Daarbij is niet van belang:
of het misdrijf aan de strafrechter is voorgelegd en door een strafrechter bewezen is verklaard. Een misdrijf is ook relevant, als de strafvervolging nog loopt, of als het misdrijf (buiten de strafrechter om) is afgesloten met bijvoorbeeld een transactie of als terzake van het misdrijf een strafbeschikking is uitgevaardigd, of als de strafzaak nog openstaat;
waar het misdrijf is gepleegd. Ook in het buitenland gepleegde misdrijven tellen mee;
of het feit is gepleegd voordat of nadat de vreemdeling tot Nederland is toegelaten;
of de vreemdeling ten tijde van het misdrijf minder- of meerderjarig was.
De naturalisatie of optie wordt geweigerd, als er binnen vijf jaren voor de indiening van het verzoek dan wel het afleggen van de optieverklaring of de beslissing daarop zo’n sanctie is opgelegd. Daarbij is niet van belang:
of de sanctie voorwaardelijk of onvoorwaardelijk is opgelegd;
of er na het opleggen van de sanctie geheel of gedeeltelijk, of voorwaardelijk of onvoorwaardelijk, gratie is verleend.
(…)
Paragraaf 6. Afwijking slecht mogelijk in geval zeer bijzondere omstandigheden
Bovenstaande regels geven een nadere invulling van het criterium ‘ernstig gevaar voor de openbare orde’ (in artikel 9, eerste lid, aanhef en onder a, RWN en artikel 6, vierde lid, RWN). Zij moeten door iedereen op dezelfde wijze worden uitgevoerd. Deze regels vervangen de genoemde artikelen niet. Zij sluiten dus ook niet uit dat zich in een concreet individueel geval heel bijzondere feiten of omstandigheden kunnen voordoen, die tot gevolg hebben dat alleen maar tot een juiste wetstoepassing kan worden gekomen door van deze regels af te wijken.

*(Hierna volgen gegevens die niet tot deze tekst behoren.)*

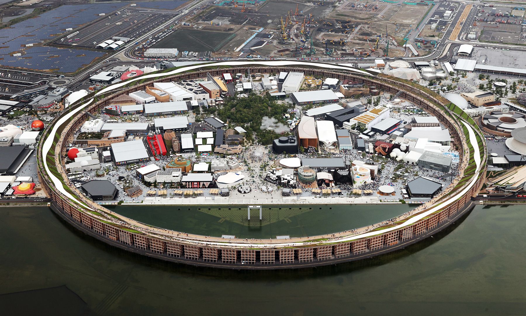 Генплан Экспо разработал Соу Фудзимото, один из самых известных современных архитекторов Японии. По его же проекту построили павильон вокруг всей территории выставки — Большое кольцо (Grand Ring); пока шла Экспо, это здание было крупнейшим деревянным сооружением в мире. Пешеходы передвигались либо под навесом внутри него, либо по озелененной крыше с видом на Осакский залив. Облик Большого кольца вдохновлен архитектурой древних японских храмов. Основные материалы — доски из кедра и местного кипариса хиноки; для сейсмоустойчивости их скрепили металлом.

Bij de toepassing van deze regels moet men er dus altijd op bedacht zijn dat zich in een concreet individueel geval heel bijzondere feiten of omstandigheden kunnen voordoen, die afwijking noodzakelijk kunnen maken.
(…)
Een bijzondere omstandigheid kan in het algemeen worden omschreven als een omstandigheid die wel belangrijk is, maar waaraan bij het opstellen van de regels niet of onvoldoende kon worden gedacht. Juist omdat het bijzondere omstandigheden zijn, kan niet van tevoren worden aangegeven welke omstandigheden zo bijzonder zijn dat zij tot afwijking van de regels in dit hoofdstuk moeten leiden.
(…)
Die bijzondere omstandigheden kunnen hoogstens leiden tot de conclusie dat de vreemdeling geen gevaar vormt voor de openbare orde. Als wel sprake is van ernstige vermoedens dat de vreemdeling een gevaar voor de openbare orde vormt, moet naturalisatie of optie worden geweigerd. Daarvan kan bij naturalisatie niet met toepassing van artikel 10 RWN worden afgeweken.

Voetnoten

1.Op grond van artikel 9, lid 1 onder a, RWN.
2.Zie bijvoorbeeld de uitspraak van 22 januari 2020, ECLI:NL:RVS:2020:192.
3.Zie bijvoorbeeld rechtsoverweging 3.1 in de uitspraak van de Afdeling van 1 december 2021, ECLI:NL:RVS:2021:2689, rechtsoverweging 4.1 in de uitspraak van de Afdeling van 11 mei 2022, ECLI:NL:RVS:2022:1358, en rechtsoverweging 5.1 in de uitspraak van de Afdeling van 8 maart 2023, ECLI:NL:RVS:2023:912.